** Supplied information **

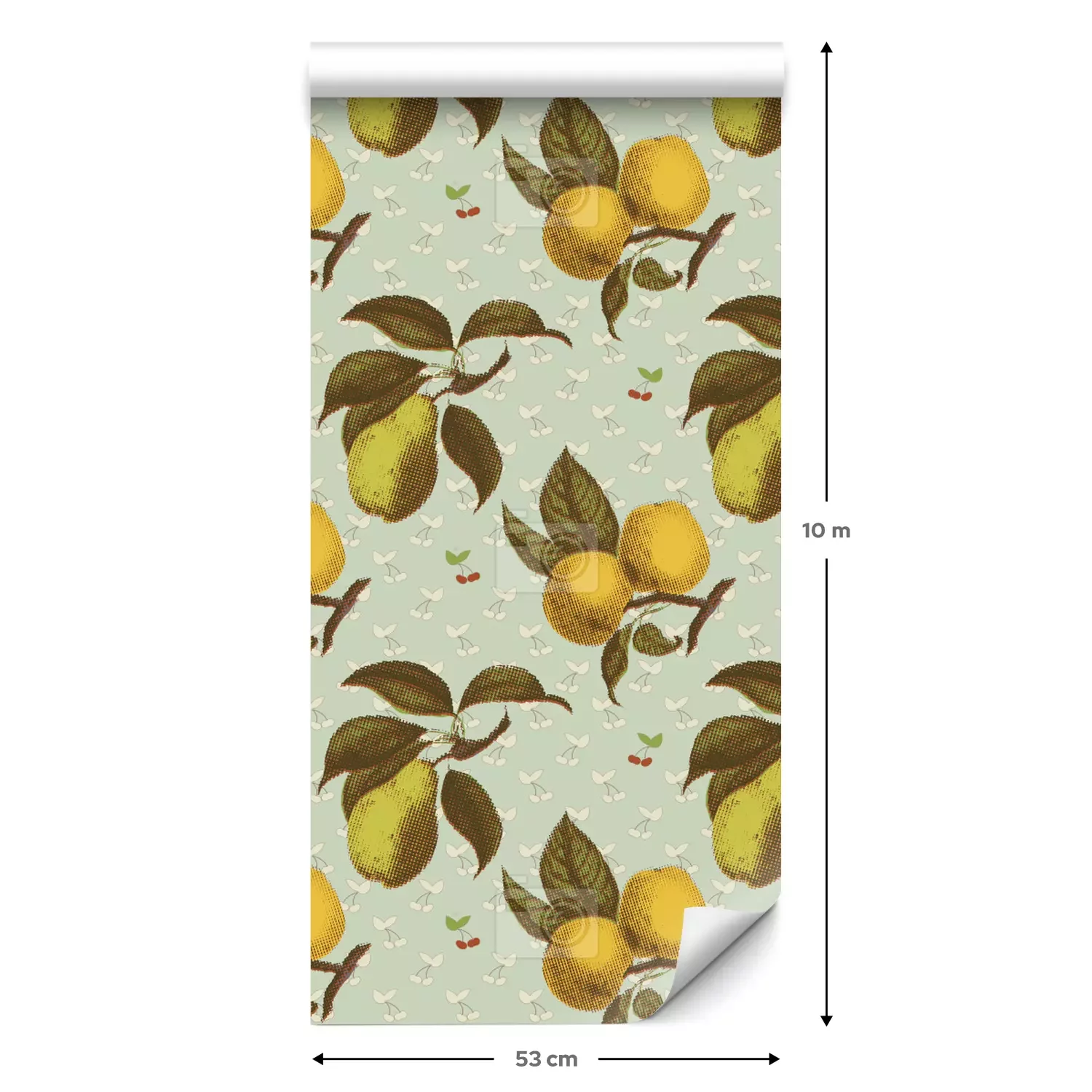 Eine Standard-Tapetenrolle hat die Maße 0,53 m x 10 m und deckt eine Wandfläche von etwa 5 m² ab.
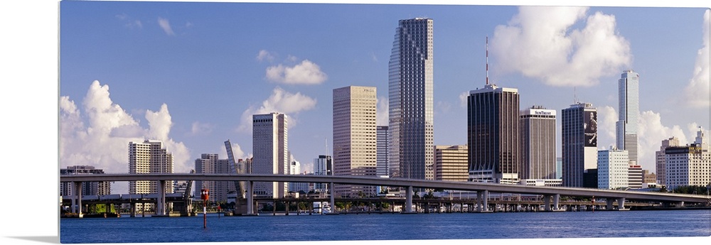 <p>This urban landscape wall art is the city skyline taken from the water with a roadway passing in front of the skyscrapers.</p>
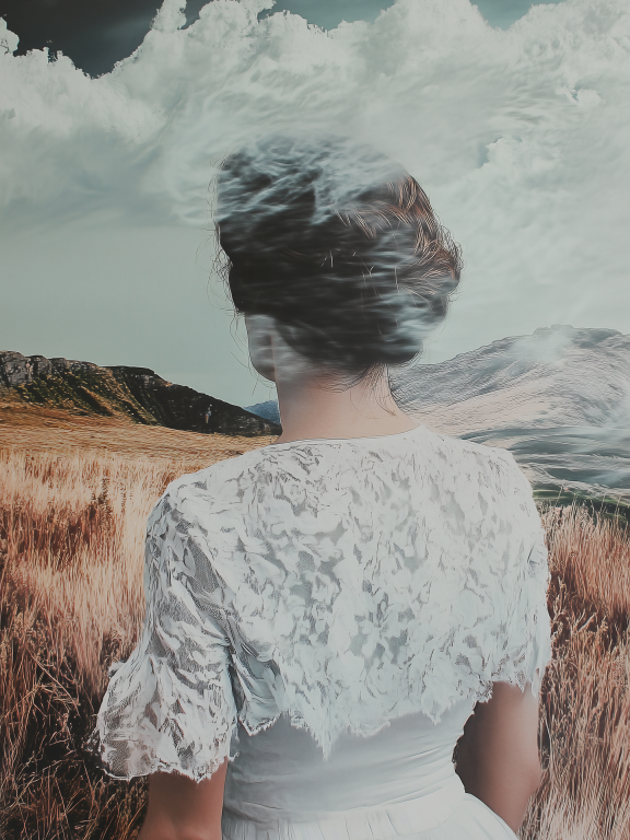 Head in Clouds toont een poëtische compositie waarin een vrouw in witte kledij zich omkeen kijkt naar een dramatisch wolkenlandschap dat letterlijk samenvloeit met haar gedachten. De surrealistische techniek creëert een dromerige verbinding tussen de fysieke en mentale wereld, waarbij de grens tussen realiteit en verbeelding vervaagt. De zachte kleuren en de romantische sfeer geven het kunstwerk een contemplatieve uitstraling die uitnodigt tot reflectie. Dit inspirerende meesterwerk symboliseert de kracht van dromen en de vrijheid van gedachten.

** Work item **
With the pictures left out, write out all of the data exactly.

** Result for this exercise **
 Eine Standard-Tapetenrolle hat die Maße 0,53 m x 10 m und deckt eine Wandfläche von etwa 5 m² ab.
 <p>This urban landscape wall art is the city skyline taken from the water with a roadway passing in front of the skyscrapers.</p>
 Head in Clouds toont een poëtische compositie waarin een vrouw in witte kledij zich omkeen kijkt naar een dramatisch wolkenlandschap dat letterlijk samenvloeit met haar gedachten. De surrealistische techniek creëert een dromerige verbinding tussen de fysieke en mentale wereld, waarbij de grens tussen realiteit en verbeelding vervaagt. De zachte kleuren en de romantische sfeer geven het kunstwerk een contemplatieve uitstraling die uitnodigt tot reflectie. Dit inspirerende meesterwerk symboliseert de kracht van dromen en de vrijheid van gedachten.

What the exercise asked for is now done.